18 Nov

Back to the Future: Data Mesh Beyond Analytics

TA
Tareq Abedrabbo

The arrival of data mesh paradigm has brought to light the challenges faced by traditional approaches to analytical data use cases.

For example, many organisations struggle with the poor scalability of monolithic data platforms, both technical and organisational. These platforms are often implemented as a technology-first exercise that end up creating multiple bottlenecks on different levels, compromising delivery and data accessibility.

Ultimately, they fail to deliver the anticipated value for many of today’s data-driven organisations.

By contrast, data mesh introduces a decentralised, data-centric approach that addresses these challenges at the core.

Great.

BUT.

The canonical concept of data mesh focuses purely on analytical use cases.

And by focusing only on analytics, we miss the opportunity to tackle some deeper issues that are connected to analytics.

Because here’s the thing: analytical use cases do not exist in isolation.

If we take these use cases out of their broader context (data and software) we could be missing out on solving the real problems that hamstring scalable data utilisation in many other areas of the business.

In this blog, I want to make an argument for broadening the use case horizon of data mesh.

Why do we need to broaden the definition of data mesh?

There are a few key reasons:

  • The problems are deeply rooted: the challenges that hamper analytics in large organisations go deep. They arise much further downstream from the areas they impact. For example, unreliable data sources can impact the quality of predictions of an ML model many layers up the chain.

  • The processes are interconnected: the outputs of analytics processes have a broad spectrum of applications upstream. Some of these use cases are themselves analytical but some are not e.g. a mobile application could use predictions generated by an ML model to update the user interface in real time. From an end user perspective, the quality of the answer (how fast and how accurate it is) depends on the whole chain.

  • The use cases are not easily siloed in practice: Many major use cases do not align nicely with the analytical/operational dichotomy e.g. fraud detection can have an analytical component (pattern detection on a large data set) and a real time one (pattern detection on incoming events in real time). Other use cases can rely on “operational” and “analytical” data sources at the same time e.g. financial reporting.

We absolutely need to avoid turning analytics into its own silo (even if it is a nicer one!).

Instead, we have to consider the broader data and software picture to be able to design and implement far-reaching and durable solutions that will cover both ends of the data spectrum: operational and analytical, and everything in between.

The secret sauce here is the data itself: fundamentally, what all data-centric use cases have in common is the need to access reliable, trustworthy and timely data adapted to their specific requirements. And that is what needs to be brought within the purview of data mesh.

Data Mesh as a Set of Principles to Scale Data Utilisation

Through this lens, data mesh can be seen as a cohesive umbrella and a set of guiding principles for a data-centric transformation:

  • Embrace data decentralisation: data is naturally decentralised, and decentralisation is a potent enabler for autonomy, scale and therefore innovation. It’s a feature, not a bug!

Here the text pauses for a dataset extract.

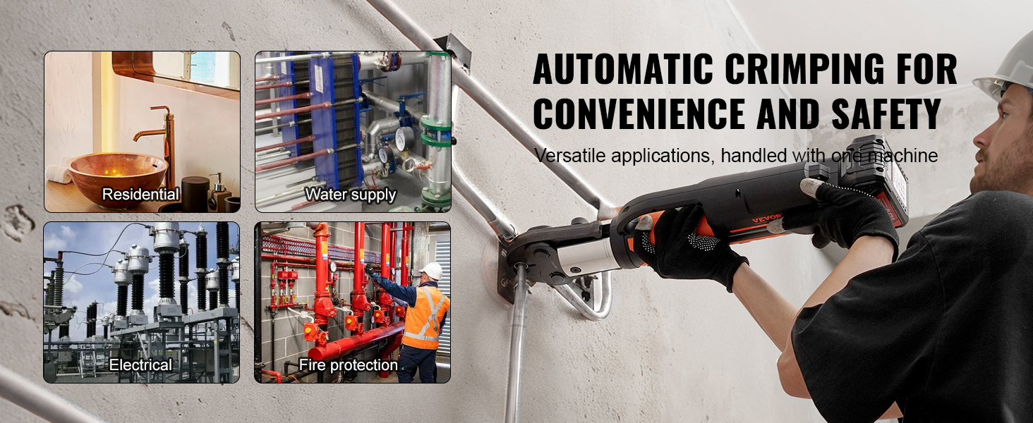 Akumulátorové elektrické lisovacie náradie je vhodné na efektívne a presné lisovanie rúr z nehrdzavejúcej ocele a iných potrubí. Je ideálny najmä pre stavebné práce na stavbe, výrobné linky v továrňach a údržbárske služby, čím zvyšuje efektivitu práce.

  • Align data ownership with business domains: the ownership of the data, which includes the responsibility to make it available for others, needs to align with meaningful business domains, rather than with historical silos

  • Federate governance: this brings the various strands together to ensure compliance, security and cohesion are achieved across the whole organisation

  • Shared norms, standards and processes: these enable interoperability between data producers and consumers, and more broadly enable teams to collaborate on large-scale data problems

  • Help humans access data: make data a first-class construct, or a product if you wish. Human-centric data discovery and accessibility is the key ingredient of a scalable and consumer-centric data strategy. Those who need the data need to be able to find it and access it with minimal overheads and technicalities

  • Self-serve infrastructure: everything needs to be underpinned by a solid, self-serve approach to infrastructure. You are not going far if infrastructure is a bottleneck.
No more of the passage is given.